The material below holds a span beginning at the line with "For the bookworm" and ending at the line with "De ruime badkamer". Quote that span exactly, both ends included, and only that span.

##### Given records #####

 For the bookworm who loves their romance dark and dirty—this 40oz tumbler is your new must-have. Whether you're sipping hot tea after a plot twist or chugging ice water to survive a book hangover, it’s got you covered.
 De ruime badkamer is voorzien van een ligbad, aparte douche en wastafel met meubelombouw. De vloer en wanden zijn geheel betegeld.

#####
##### Given records #####

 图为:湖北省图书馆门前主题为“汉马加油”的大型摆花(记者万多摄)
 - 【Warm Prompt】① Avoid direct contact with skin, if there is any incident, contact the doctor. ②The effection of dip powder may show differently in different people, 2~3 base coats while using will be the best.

#####

● Exercise solution:
 For the bookworm who loves their romance dark and dirty—this 40oz tumbler is your new must-have. Whether you're sipping hot tea after a plot twist or chugging ice water to survive a book hangover, it’s got you covered.
 De ruime badkamer is voorzien van een ligbad, aparte douche en wastafel met meubelombouw. De vloer en wanden zijn geheel betegeld.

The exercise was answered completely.